Introduction
In this chapter we cover competitive environments, in which two or more agents have conflicting goals, giving rise to adversarial search problems.
We consider games with
- two players
- turn-taking
- zero sum
- perfect information
- deterministic and stochastic (they can include elements of chance)
- Zero sum: if a player wins (+1), the other player looses (–1); the sum is thus zero
- Perfect information: The agent has perfect information about the game state which is fully observable (like chess, unlike poker)
Games as Search Problems
Games can be formulated as search problems with an element of uncertainty due to the actions (moves) of the opponent
At each turn, a player must choose the action to play without the possibility to explore the whole state space and, in general, there is no sequence of actions that makes a player win independently of the actions of the opponent.
- Two players, MAX and MIN, that take turn. MAX moves first.
- Intial set up of the game (initial configuration of the board) is known.

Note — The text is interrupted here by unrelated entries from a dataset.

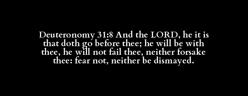 Deuteronomy 31:8 And the LORD, he it is that doth go before thee; he will be with thee, he will not fail thee, neither forsake thee: fear not, neither be dismayed.
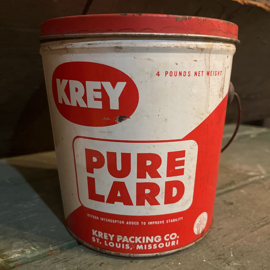 VINTAGES 1960s KREY PACKING CO LARD TIN CAN 4 POUNDS
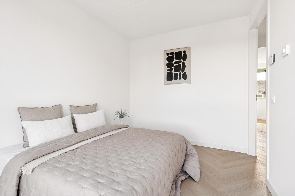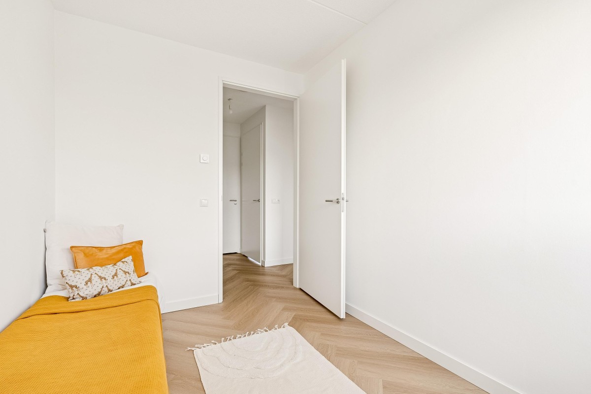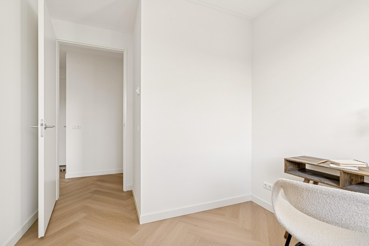 Ook op deze verdieping een luxe pvc visgraadvloer met vloerverwarming en Renovlies behang.
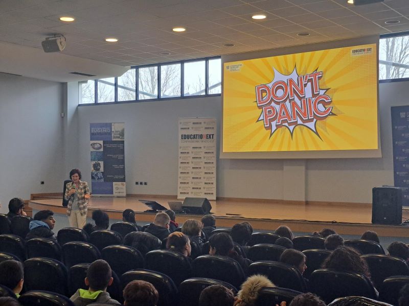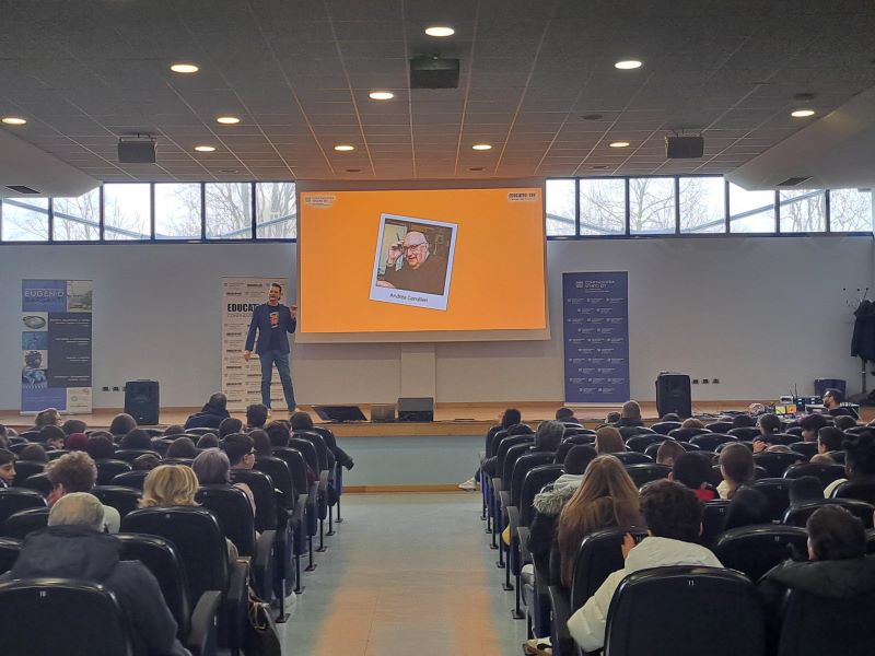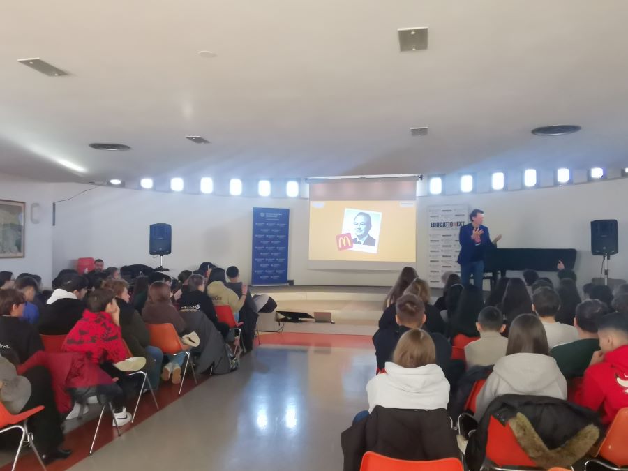 Studenti e studentesse delle classi 3^ e 2^ sono stati coinvolti in uno spettacolo dinamico pensato in collaborazione con TeatroEducativo.it per aiutarli ad affrontare la scelta della scuola superiore, un invito a credere in se stessi, sperimentare e a prendere in mano il proprio destino, passo dopo passo. Un momento di informazione e riflessione che ha esplorato il percorso non lineare della vita, dove ogni decisione apre nuove porte. La narrazione ha alternato entusiasmo e momenti di malinconia, parlato di passioni, sogni e pressioni quotidiane da famiglia, amici e scuola, errori e successi come parte integrante del cammino di crescita e costruzione del proprio futuro. A portare il saluto di Confindustria Veneto Est l’imprenditore Massimo Granzotto.
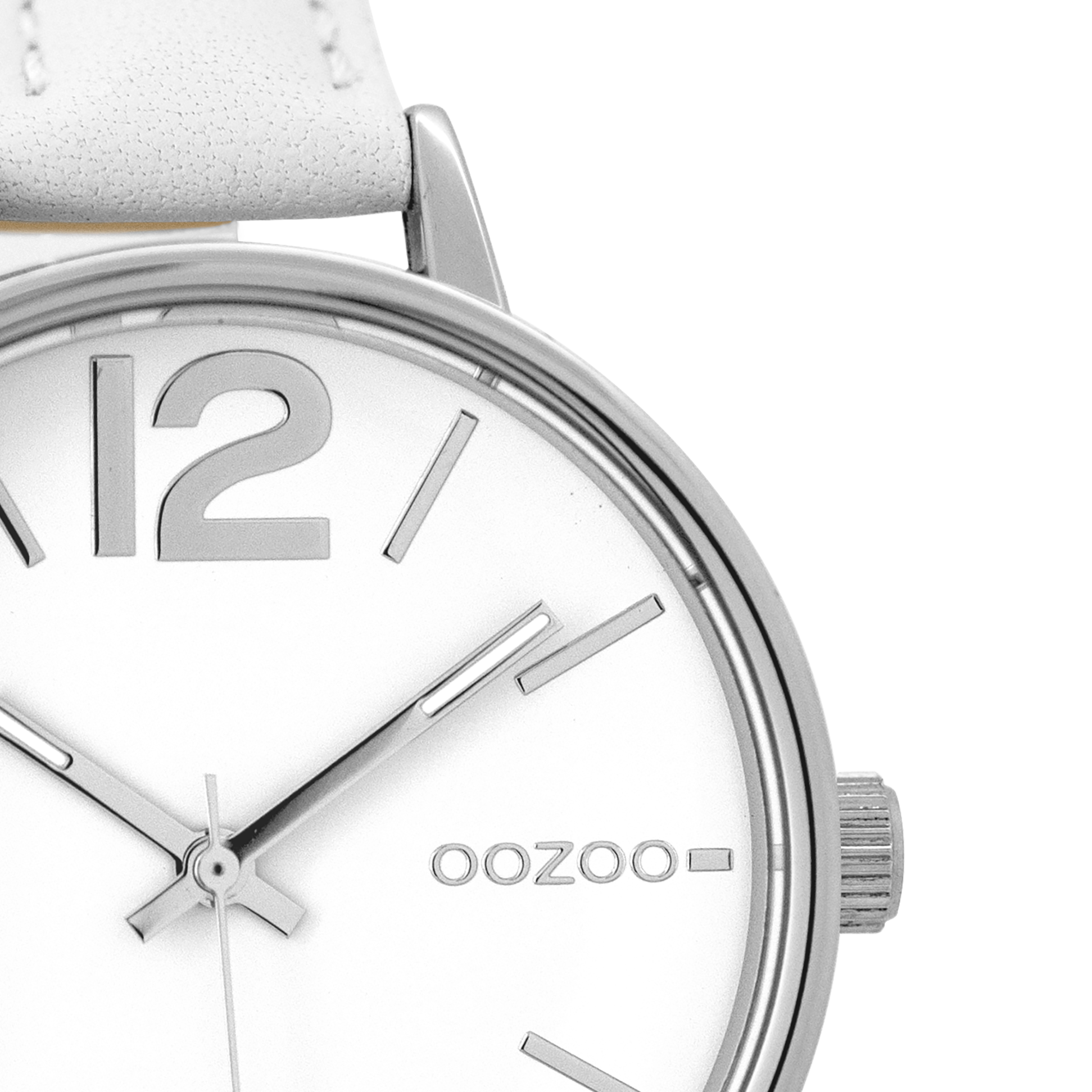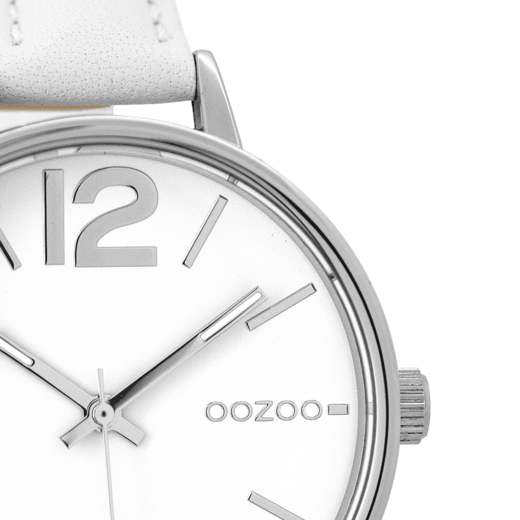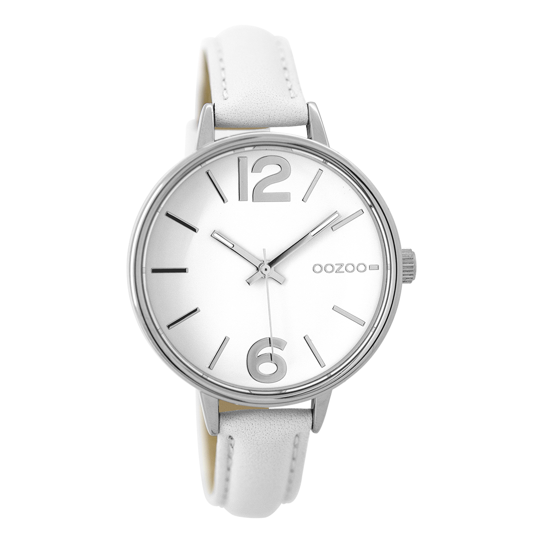 Silver coloured OOZOO watch with white leather strap - C9480
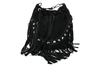 Modna Skórzana Zamszowa torebka worek w stylu boho z frędzlami Czarna
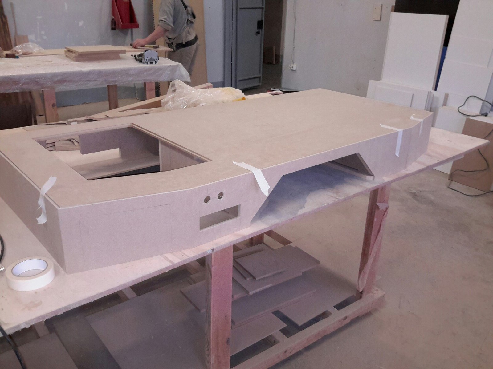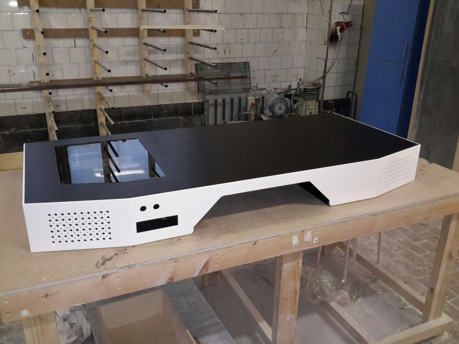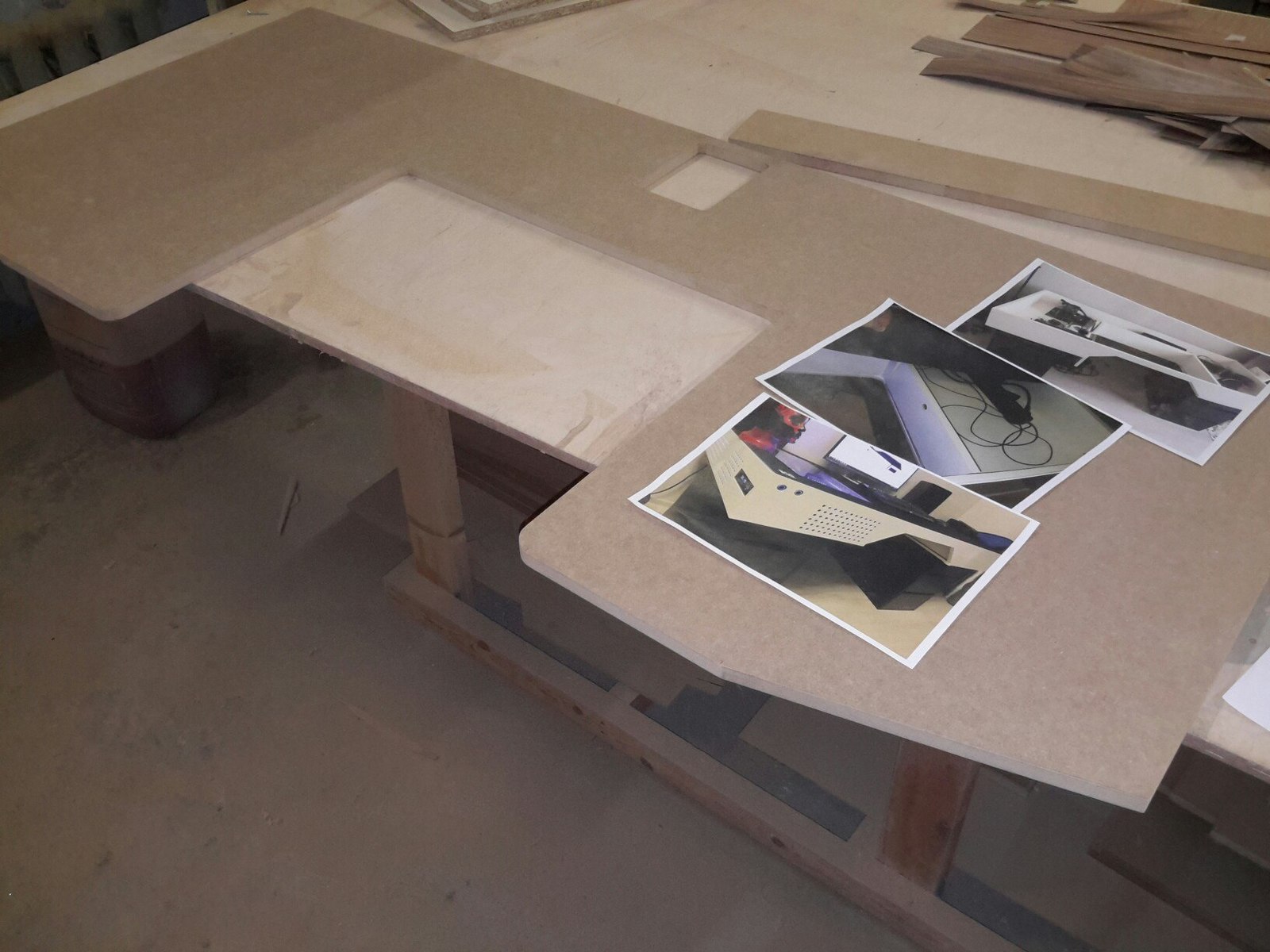 - В передней планке столешницы вырезают необходимое количество технических отверстий для установки кнопок, переключателей, динамиков.
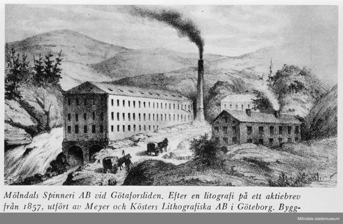 Litografi på aktiebrev avbildat i Torsten Althins Papyrus 1895-1945, Mölndal 1945. Text på kortet: Mölndals Spinneri AB vid Götaforsliden. Efter en litografi på ett aktiebrev från 1857, utfört av Meyer och Kösters Lithografiska AB i Göteborg. Byggnaden ingirck från 1870 i Rosendahlsverken och inrymde den första cellulosafabriken i Mölndal. - Aktiebrevet tillhör Papyrus.
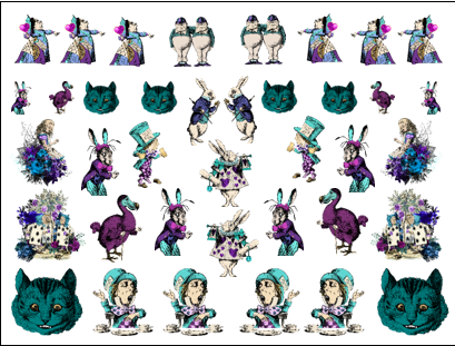 Beautiful Alice in Wonderland inspired waterslide decals.
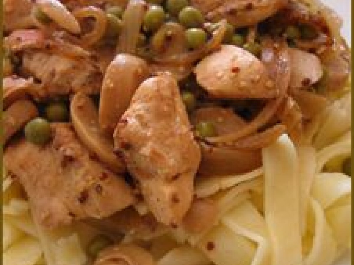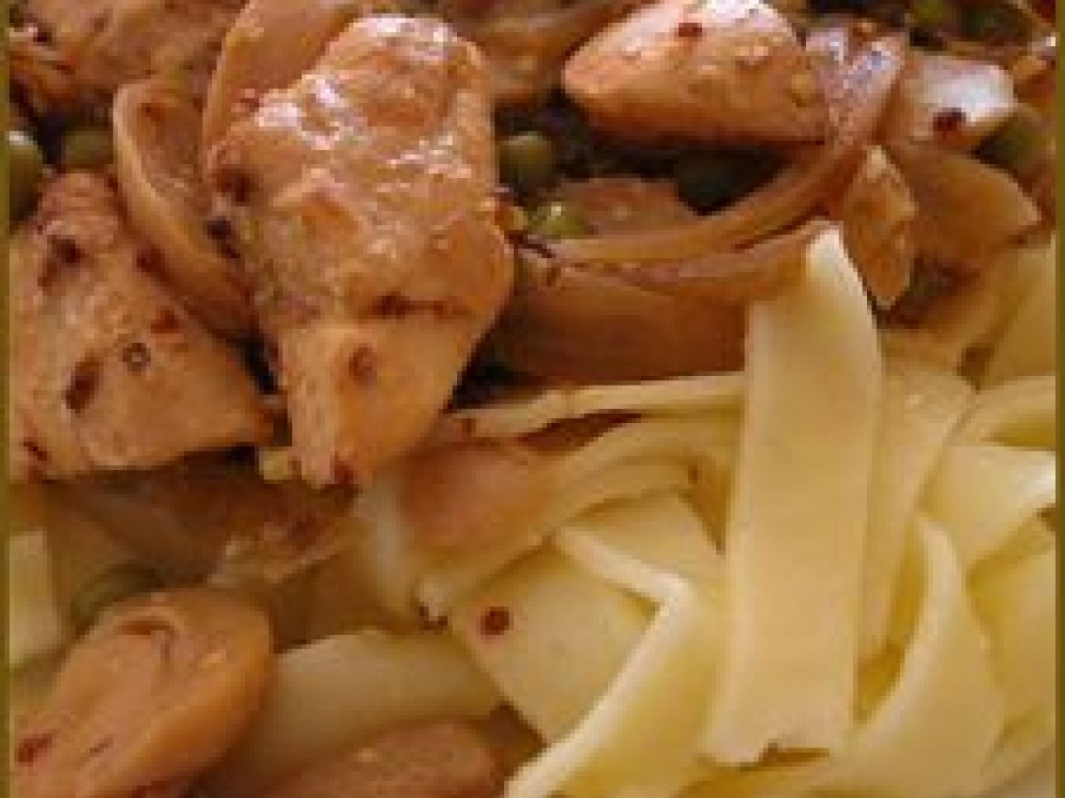 Pâtes au poulet et petits pois, sauce moutarde de sophie PrécédentSuivant Platfacile25 min Envoyer cette recette à un ami Imprimer cette page Poser une question à l'auteur Publier votre photo de cette recette Ingrédients 2 120 à 160 g de pâtes, poids cru 1 oignon 1 cuillère à soupe d'ail en poudre 125 mL de vin blanc 1 cuillère à soupe de moutarde 250 mL de crème liquide (à 3% ) 250 g de petits pois 1 petite boîte de champignons de Paris 2 escalopes de poulet 4 cuillères à soupe de ciboulette
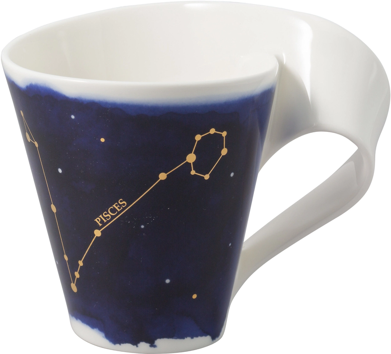 Kubek Ryby z kolekcji NewWave Stars. Kolekcja NewWave Stars to najnowsza odsłona bestsellerowej kolekcji NewWave inspirowana znakami zodiaku. Połączenie białej porcelany z ciemnoniebieskim tłem oraz subtelnymi złotymi gwiazdozbiorami wprowadza niesamowity nastrój do Twojego wnętrza. Złote konstelacje nadają eleganckiego oraz mistycznego wyglądu. Udoskonalona porcelana premium wykorzystana do stworzenia tej kolekcji charakteryzuje się jeszcze wyższą trwałością i odpornością na uszczerbienia. Dobierz swój znak zodiaku spośród 12 różnych kubków lub sprezentuj go najbliższej osobie i celebruj chwilę relaksu z Villeroy&Boch!
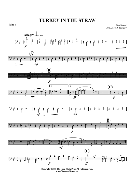 Digital Sheet Music for Turkey in the Straw - Tuba 1 by Traditional, Lewis J. Buckley scored for Tuba Quartet; id:416030
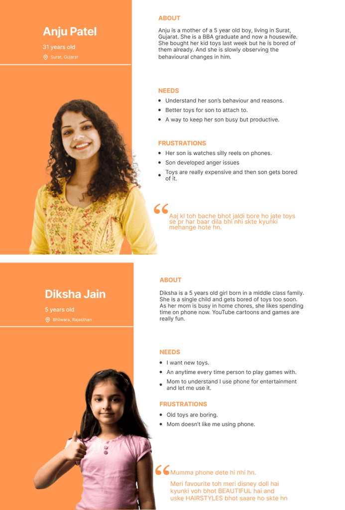Anju is a mother of a 5 year old boy, living in Surat, Gujarat. She is a BBA graduate and now a housewife. She bought her kid toys last week but he is bored of them already. And she is slowly observing the behavioural changes in him.

- Function Action(s): Given a state s, returns the set of legal moves in s
- Function Result(s): Defines the state resulting from taking action a in state s
- Goal test: Given a state, returns true if the game is over
- Utility(s,p): Returns the numerical value to player p in terminal state s (e.g., +1, 0, or –1) Solving the game corresponds to finding the best action for MAX (or for MIN) in a given state.